━━━ Material supplied

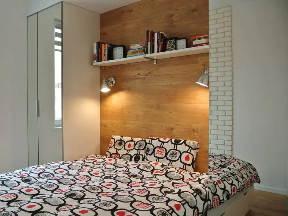 In dormitorul matrimonial s-a optat pentru un design functional, cu dulapuri de haine dispuse simetric de o parte si cealalta a paturilor. In plus, usile cu oglinzi creeaza impresia de profunzime si largire a spatiului, un truc minunat pentru spatiile mici. Placarea zonei patului scoate in evidenta aceasta parte incadrata de depozitare.
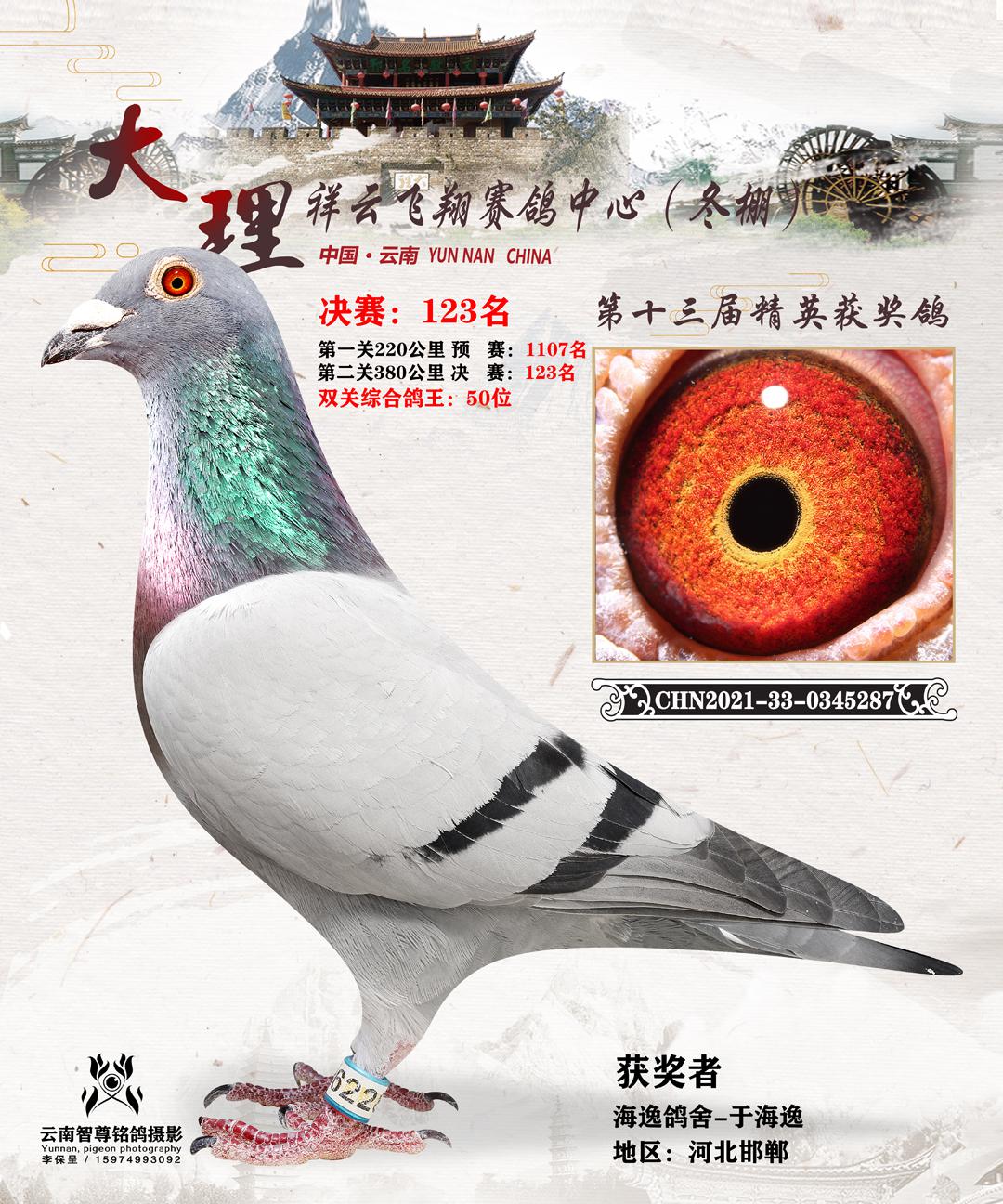 云南大理祥云飞翔赛鸽中心决赛获奖鸽
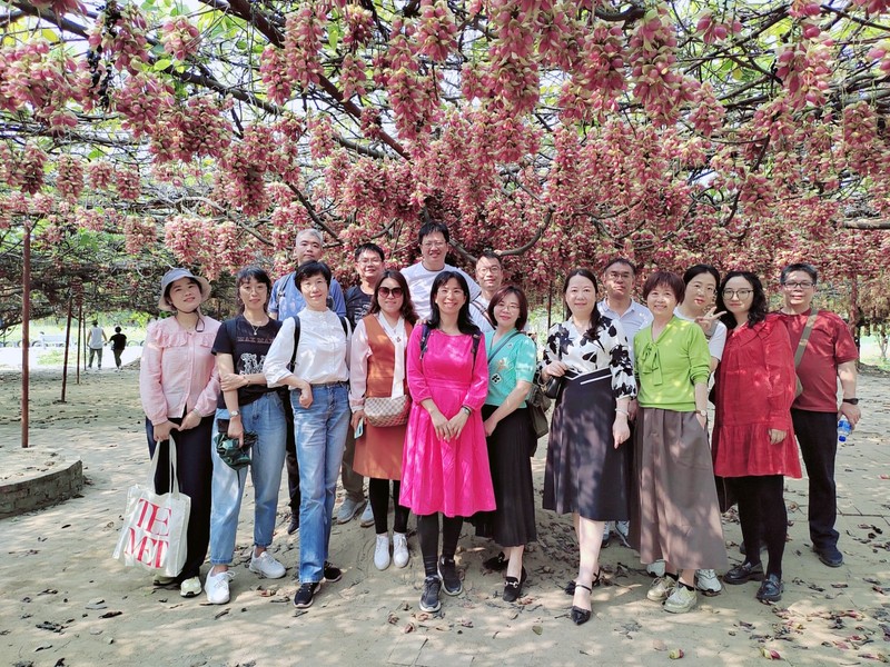 下午来到活动第二站——清远市黄金布禾雀花基地,基地的禾雀花开在蔓藤上,吊挂成串,有如万鸟栖枝,神形兼备,令老师们叹为观止,女教师们兴致盎然,与花合影,盈盈花盛处,花美人更美。
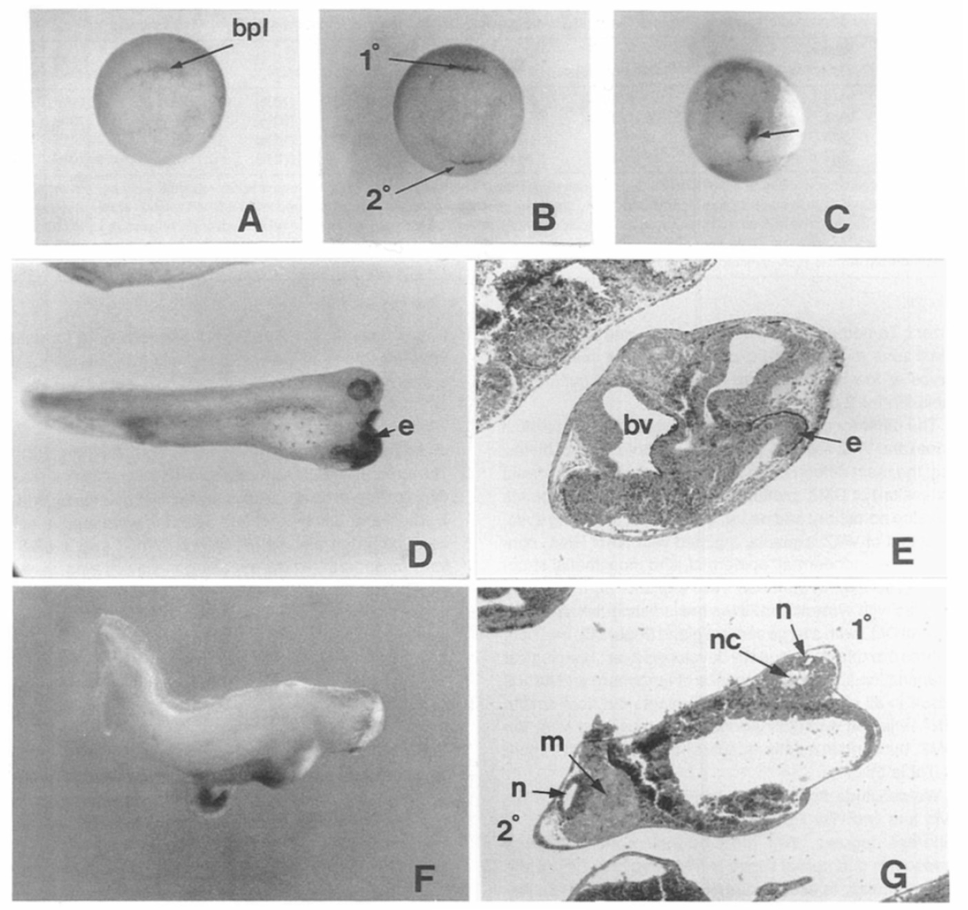 head structures (E) or a secondary axis with some neural and muscle tissue formed (G). Abbreviations are the same as for Figure 2 except that
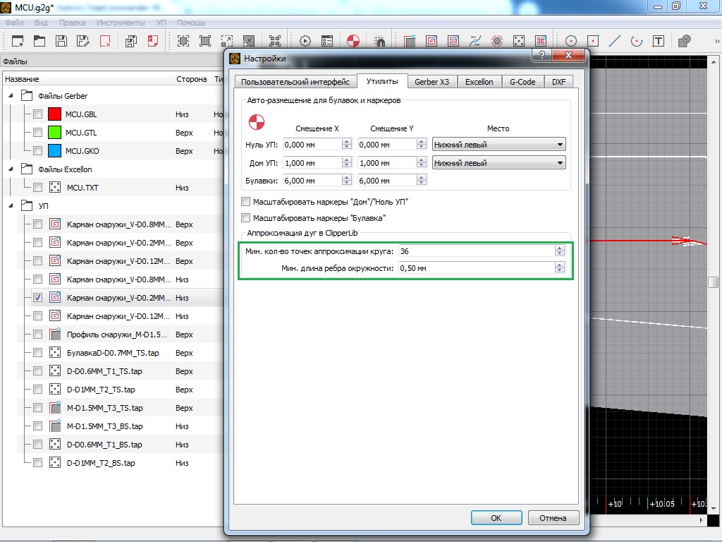 там же в настройках g-кода есть опция склейки, YuryV вроде про неё писал выше по топикуvladi552 писал(а): ↑ 2. На прилагаемом рис. видно, что контуры некоторых отверстий (обычно более 3мм) в УП представляются набором коротких отрезков и инструмент фрезерует отверстия короткими "шагами", что существенно замедляет процесс, тратится время, изнашивается механика станка. Есть ли возможность и это пофиксить?
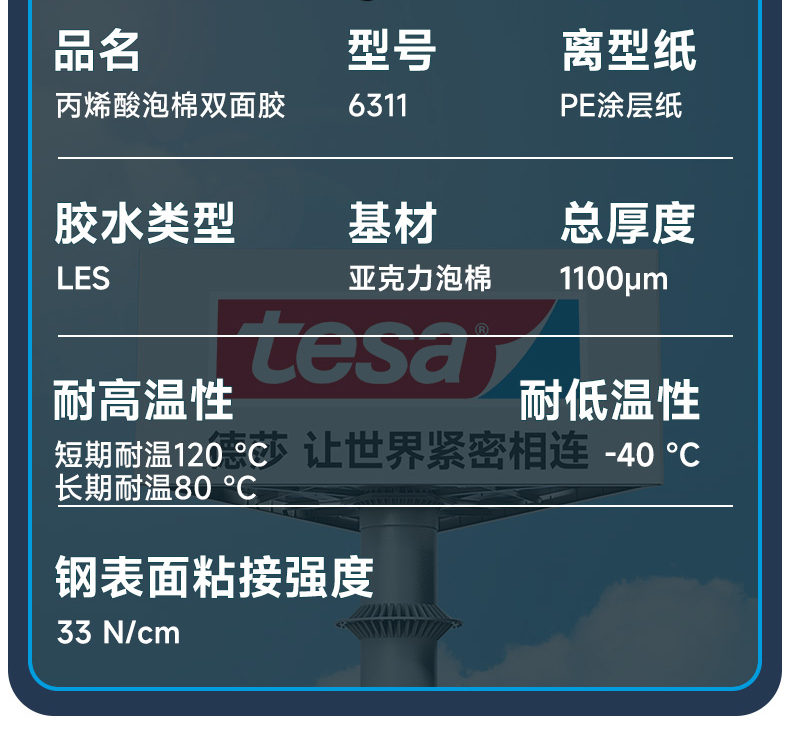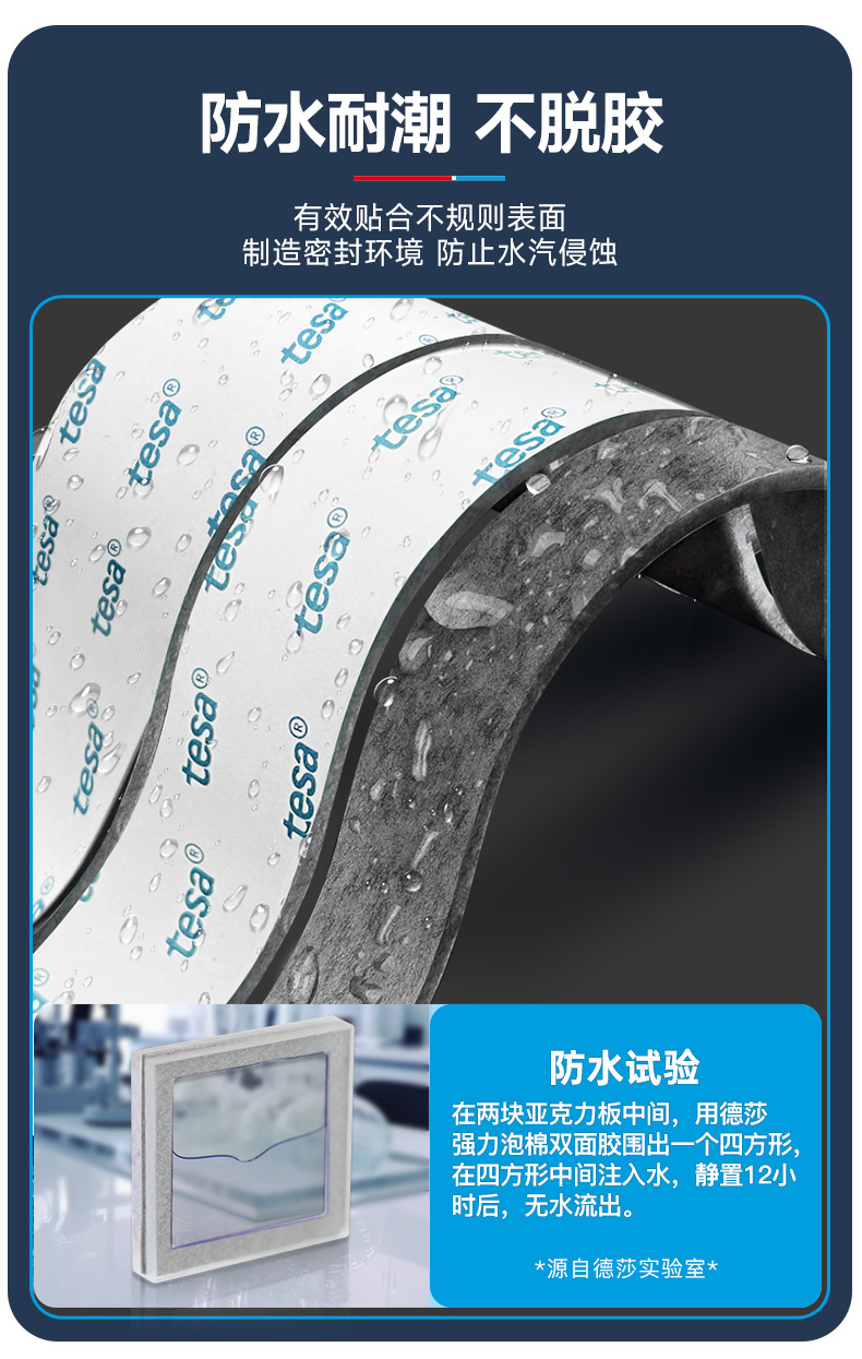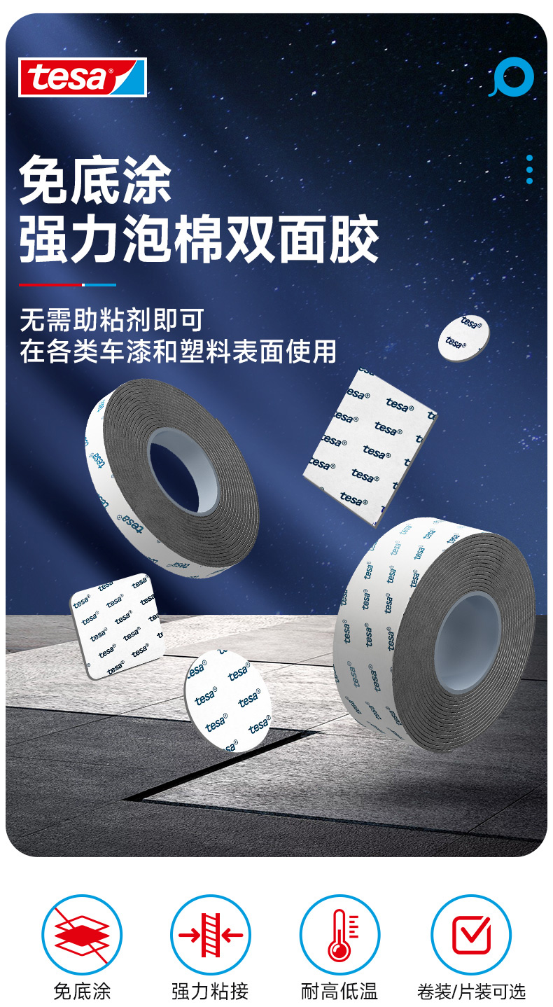强力粘接性能:采用tesa® LSE胶粘剂,提供卓越的粘接力,适用于永久粘接应用,确保持久牢固。
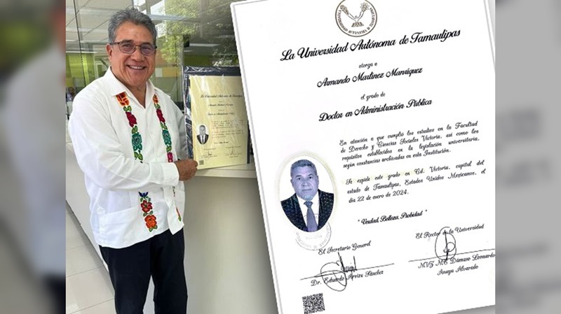 ALTAMIRA, TAMPS. Armando Martínez Manríquez, alcalde de Altamira ha sido distinguido por la Universidad Autónoma de Tamaulipas (UAT) con el grado de Doctor en Administración Pública, junto con una mención honorífica que reconoce su esfuerzo y brillante trayectoria académica.
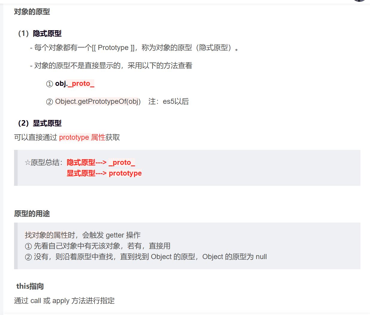 prototype vs proto | prototype 是构造函数的原型对象,__proto__ 是实例指向原型的属性 |
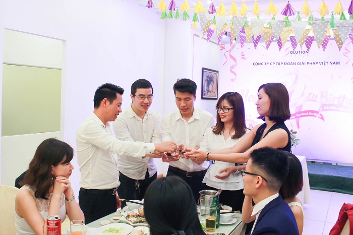 Toàn thể công ty Solution Group nâng ly chúc mừng. Chúc cho Solution Group ngày càng phát triển vững mạnh hơn nữa!
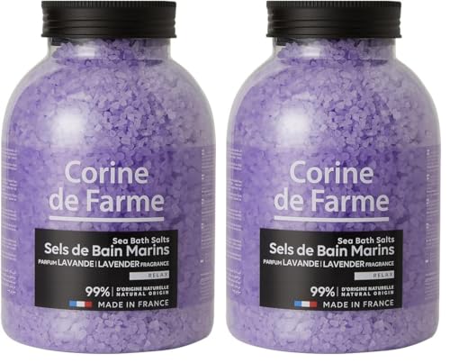 Corine de Farme Sels de Bain Relax Lavande - Sels Marins Aromatisés à la Lavande - Dissolution Rapide, Vertus Apaisantes et Adoucissantes - Pour Salle de Bain ou Spa - Grand Bocal 1.3kg (Lot de 2)
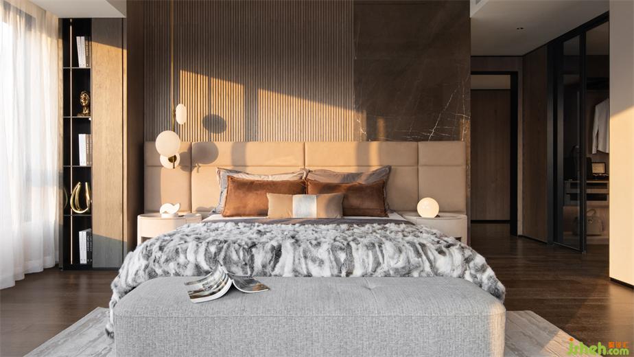 東方美學(xué),追求無影無跡的意景與情愫的印合,景是情之媒,情乃景之主。主人房巧妙借用光線,與金屬、布面、木飾、石材等材質(zhì)與空間發(fā)生關(guān)聯(lián),互相生發(fā),鄭州豪宅設(shè)計(jì)在起承轉(zhuǎn)合間形成萬物一齊。
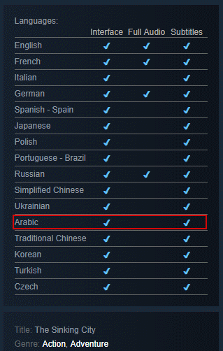 كما تشاهدون في الصورة التي التقطناها لكم من صفحة اللعبة على Steam تظهر انها ستدعم اللغة العربية من بين اللغات التي ستتواجد في اللعبة و سيكون الدعم على شكل ترجمة للقوائم و ايضا ترجمة للحوارات و لكن لن يكون هناك دبلجة صوتية كما هو الحال مع بعض اللغات الاخرى.

━━━━━━

What this task involves | Set down word for word the lines beginning with the one containing "Toàn thể công" and ending with the last line of the listing, inclusive. Omit every picture.

Expected answer |
 Toàn thể công ty Solution Group nâng ly chúc mừng. Chúc cho Solution Group ngày càng phát triển vững mạnh hơn nữa!
 Corine de Farme Sels de Bain Relax Lavande - Sels Marins Aromatisés à la Lavande - Dissolution Rapide, Vertus Apaisantes et Adoucissantes - Pour Salle de Bain ou Spa - Grand Bocal 1.3kg (Lot de 2)
 東方美學(xué),追求無影無跡的意景與情愫的印合,景是情之媒,情乃景之主。主人房巧妙借用光線,與金屬、布面、木飾、石材等材質(zhì)與空間發(fā)生關(guān)聯(lián),互相生發(fā),鄭州豪宅設(shè)計(jì)在起承轉(zhuǎn)合間形成萬物一齊。
 كما تشاهدون في الصورة التي التقطناها لكم من صفحة اللعبة على Steam تظهر انها ستدعم اللغة العربية من بين اللغات التي ستتواجد في اللعبة و سيكون الدعم على شكل ترجمة للقوائم و ايضا ترجمة للحوارات و لكن لن يكون هناك دبلجة صوتية كما هو الحال مع بعض اللغات الاخرى.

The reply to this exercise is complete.